Testing Foundations
|
There are many kinds of code coverage. Some of the types have more than one common name, plus several uncommon ones. Discussions of coverage can get hung up on name debates, with endless claims about what the right name is and what, precisely, different names mean.
As someone who's written four coverage tools, those discussions pain me. They make the whole topic seem over-complicated. To the ordinary person, it's really simple. There are four relevant types of coverage. They're all easy to explain. The particular variants implemented by a particular tool have no important practical consequences and are (usually) easily understood.
I describe the four types here.
Given that there's so much confusion, what good is another set of explanations? Fair question. After the explanations, I describe how to use them.

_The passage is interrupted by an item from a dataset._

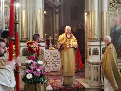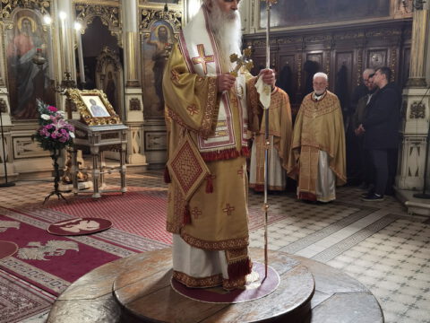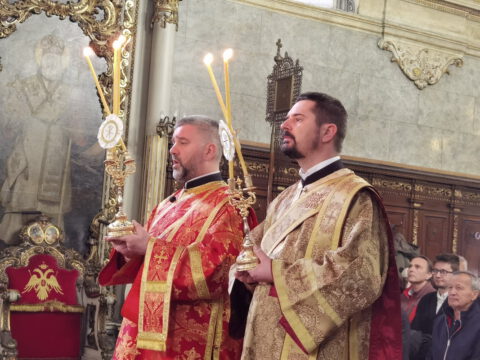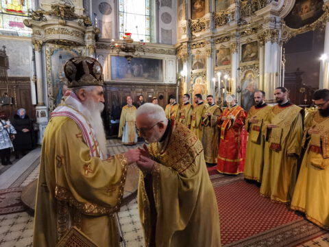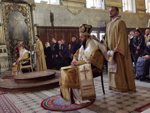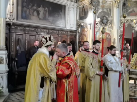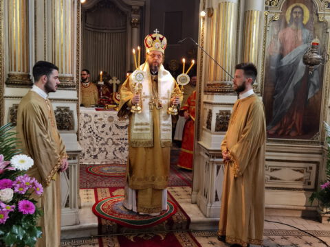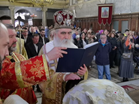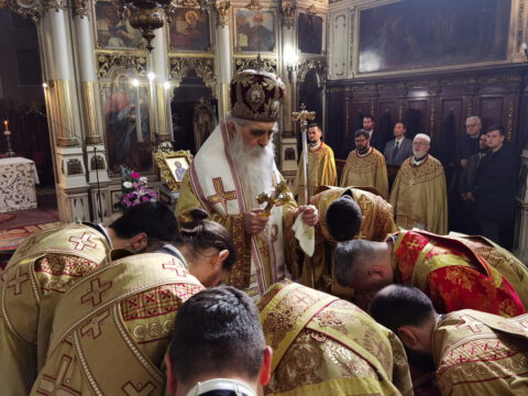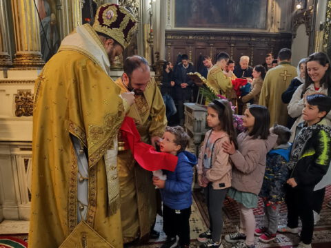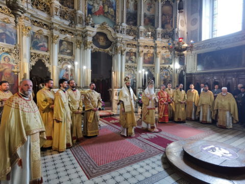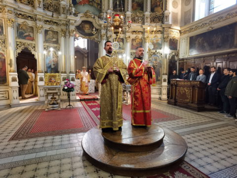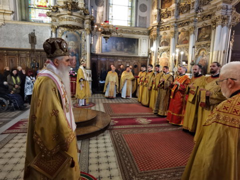 На празник Уласка Господа Исуса Христа у Јерусалим – Цвети, 4/17. априла 2022. године, на светој архијерејској Литургији у Саборном храму у Новом Саду началствовао је Његово Преосвештенство Епископ бачки господин др Иринеј. Преосвећеном епископу Иринеју саслуживали су Његово Преосвештенство Епископ мохачки господин Дамаскин, свештеници Саборног храма и новосадски ђакони.

If you want to use a coverage tool, you'll find the additional reading at the end helpful.
Here's some Java code I wrote recently (or, rather, cribbed from Wirth's Algorithms + Data Structures = Programs):
1: private Expr orArgument() throws ParseError { 2: Expr retval = factor(); 3: while (tokenType == AND) { 4: getsym(); 5: retval = new ExprAnd(retval, factor()); 6: } 7: tr.debugm(retval.toString()); 8: return retval; 9: }
I have a test suite for the application in which this code lives. Suppose I ran that test suite. A line coverage tool could then tell me which of these lines of code had never been reached by the execution of any of my tests.
"Line 4 in file Parser.java was never executed."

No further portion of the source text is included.